**EXERCISE INSTRUCTIONS:** The copy should hold exactly the lines below from the one that contains "Vintage 1950's Flying" through the one that contains "The army at" and nothing else, so no pictures.

··· DATA SUPPLIED ···

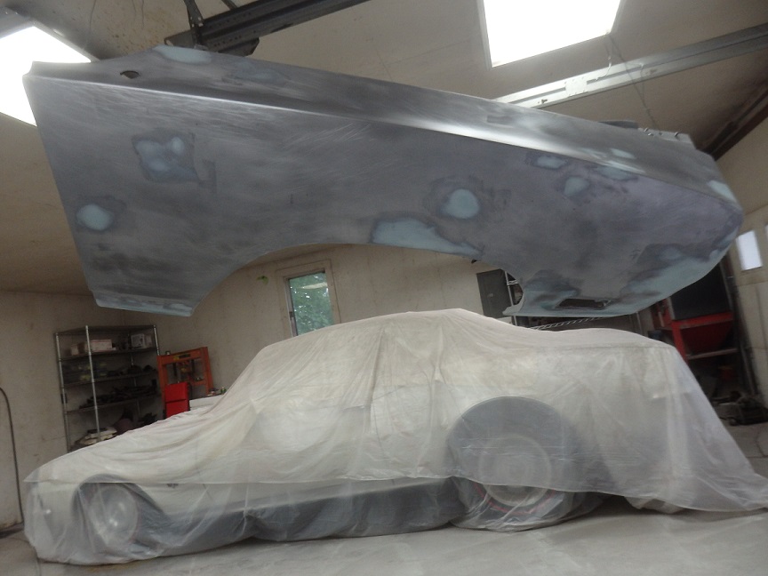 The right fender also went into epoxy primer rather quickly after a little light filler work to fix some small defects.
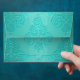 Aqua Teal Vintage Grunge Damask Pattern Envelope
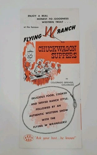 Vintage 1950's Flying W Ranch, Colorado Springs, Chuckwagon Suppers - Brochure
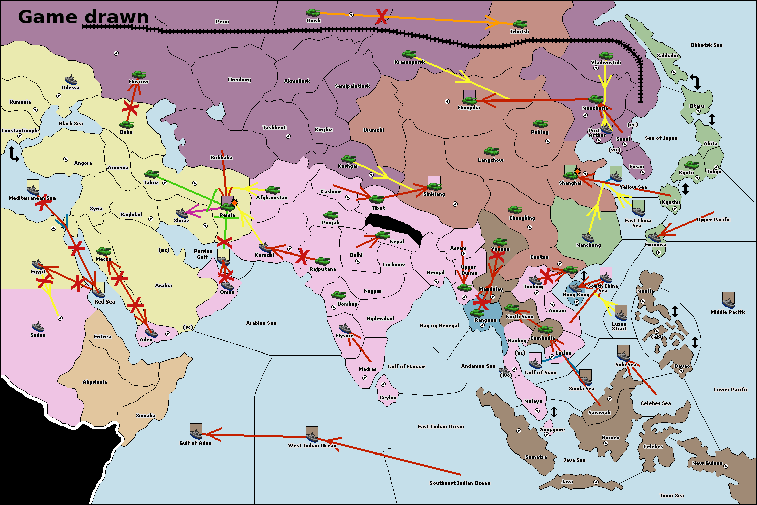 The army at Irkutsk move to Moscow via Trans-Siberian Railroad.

···
··· DATA SUPPLIED ···

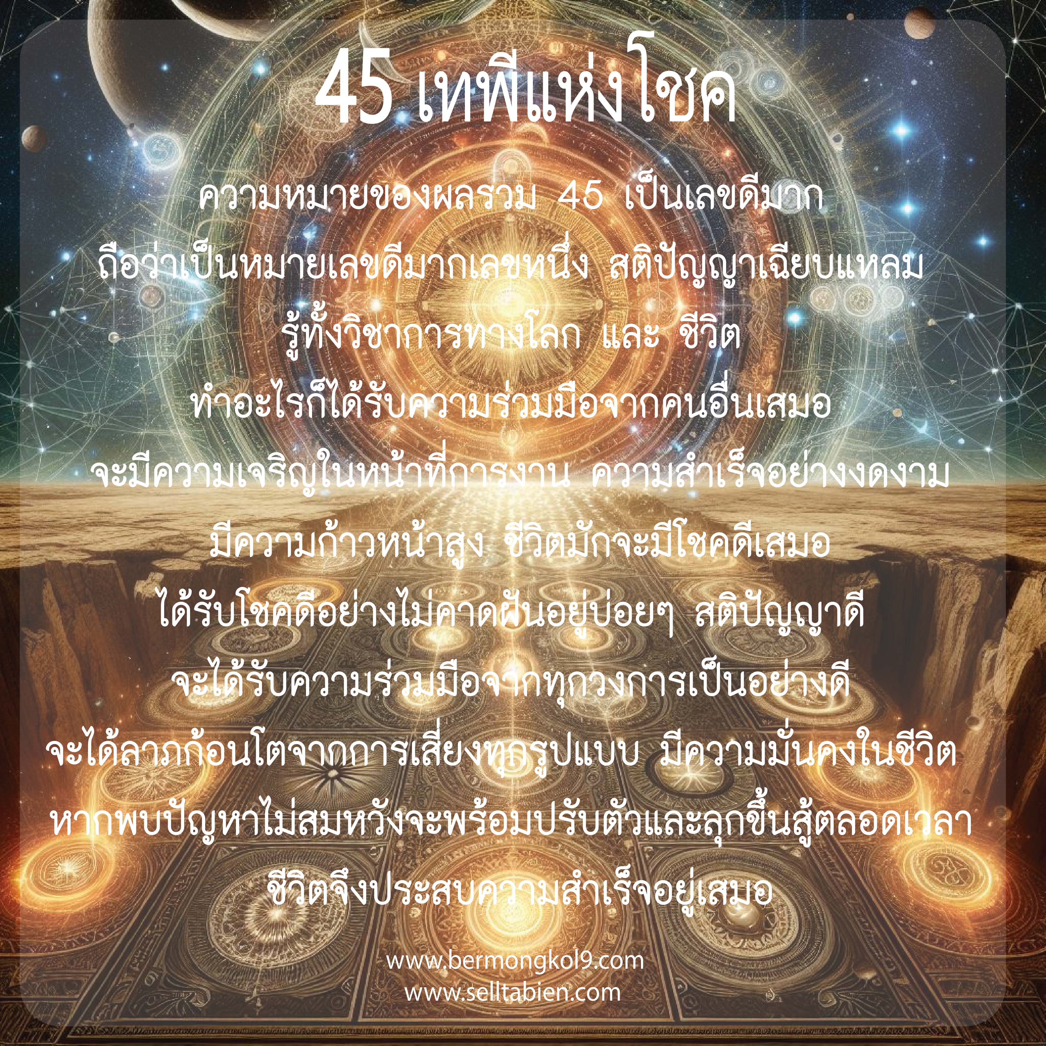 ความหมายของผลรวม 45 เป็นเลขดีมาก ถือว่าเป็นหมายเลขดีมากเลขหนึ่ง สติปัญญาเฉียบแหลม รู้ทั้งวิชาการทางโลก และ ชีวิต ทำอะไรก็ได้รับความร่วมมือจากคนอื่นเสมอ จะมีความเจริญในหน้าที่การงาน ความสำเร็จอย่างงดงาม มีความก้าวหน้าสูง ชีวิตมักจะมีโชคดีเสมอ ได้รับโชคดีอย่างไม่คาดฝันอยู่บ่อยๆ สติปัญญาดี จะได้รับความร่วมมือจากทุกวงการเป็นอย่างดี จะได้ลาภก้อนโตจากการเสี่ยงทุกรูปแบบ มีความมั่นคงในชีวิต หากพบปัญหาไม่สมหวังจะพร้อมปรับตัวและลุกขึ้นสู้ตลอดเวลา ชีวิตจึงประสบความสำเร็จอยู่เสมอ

···

**WRITTEN RESPONSE:**
 Vintage 1950's Flying W Ranch, Colorado Springs, Chuckwagon Suppers - Brochure
 The army at Irkutsk move to Moscow via Trans-Siberian Railroad.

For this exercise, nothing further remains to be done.